Transcribe the whole listing exactly; the images stay out.

Available data:
⁂
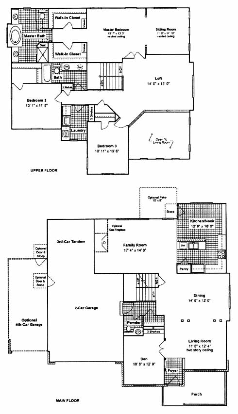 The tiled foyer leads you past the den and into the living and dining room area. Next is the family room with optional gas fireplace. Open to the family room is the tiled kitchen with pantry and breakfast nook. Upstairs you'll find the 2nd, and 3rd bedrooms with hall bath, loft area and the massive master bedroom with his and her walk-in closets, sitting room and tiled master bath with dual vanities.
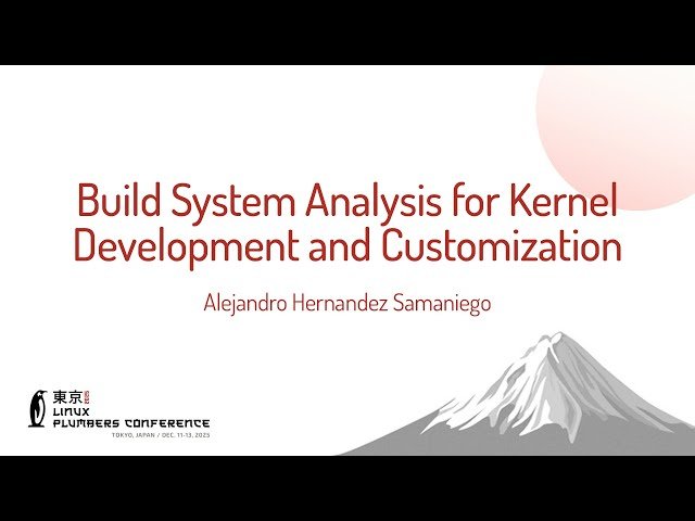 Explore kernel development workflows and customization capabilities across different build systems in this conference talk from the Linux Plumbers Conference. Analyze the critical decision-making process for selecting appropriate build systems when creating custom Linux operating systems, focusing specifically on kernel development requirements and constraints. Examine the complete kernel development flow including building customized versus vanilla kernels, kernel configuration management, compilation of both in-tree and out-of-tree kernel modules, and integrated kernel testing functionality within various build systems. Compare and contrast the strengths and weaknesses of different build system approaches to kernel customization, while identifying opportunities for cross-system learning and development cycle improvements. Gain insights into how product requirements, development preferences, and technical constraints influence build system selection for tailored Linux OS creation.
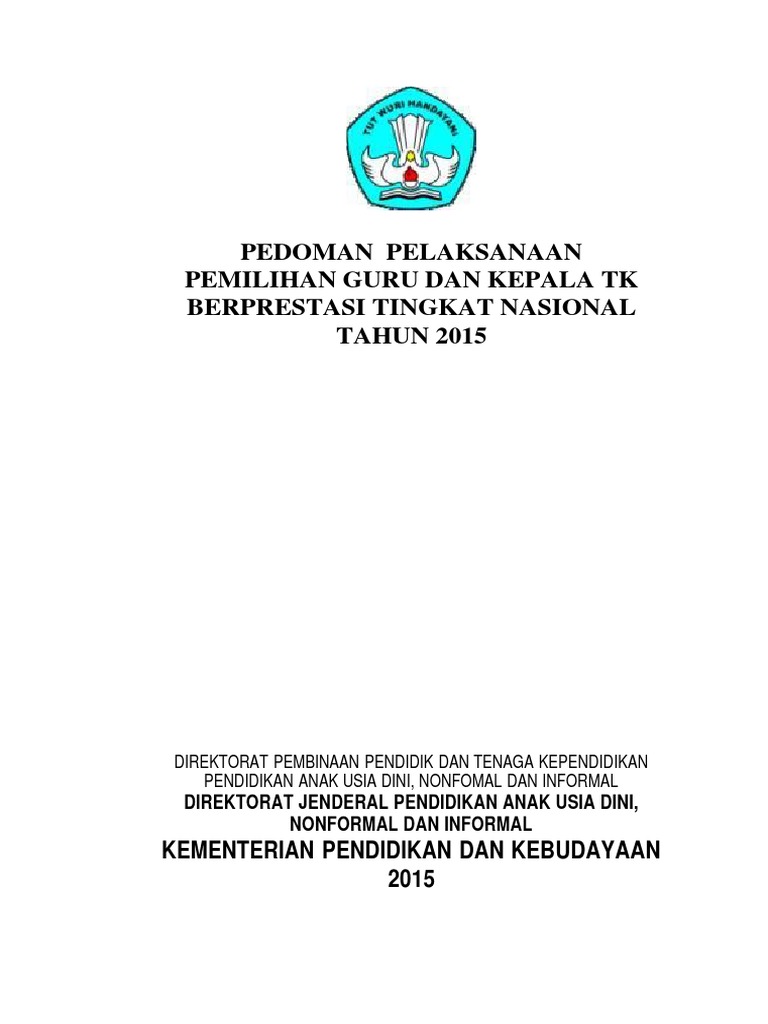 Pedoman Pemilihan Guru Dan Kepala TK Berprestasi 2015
⁂
Written solution:
 The tiled foyer leads you past the den and into the living and dining room area. Next is the family room with optional gas fireplace. Open to the family room is the tiled kitchen with pantry and breakfast nook. Upstairs you'll find the 2nd, and 3rd bedrooms with hall bath, loft area and the massive master bedroom with his and her walk-in closets, sitting room and tiled master bath with dual vanities.
 Explore kernel development workflows and customization capabilities across different build systems in this conference talk from the Linux Plumbers Conference. Analyze the critical decision-making process for selecting appropriate build systems when creating custom Linux operating systems, focusing specifically on kernel development requirements and constraints. Examine the complete kernel development flow including building customized versus vanilla kernels, kernel configuration management, compilation of both in-tree and out-of-tree kernel modules, and integrated kernel testing functionality within various build systems. Compare and contrast the strengths and weaknesses of different build system approaches to kernel customization, while identifying opportunities for cross-system learning and development cycle improvements. Gain insights into how product requirements, development preferences, and technical constraints influence build system selection for tailored Linux OS creation.
 Pedoman Pemilihan Guru Dan Kepala TK Berprestasi 2015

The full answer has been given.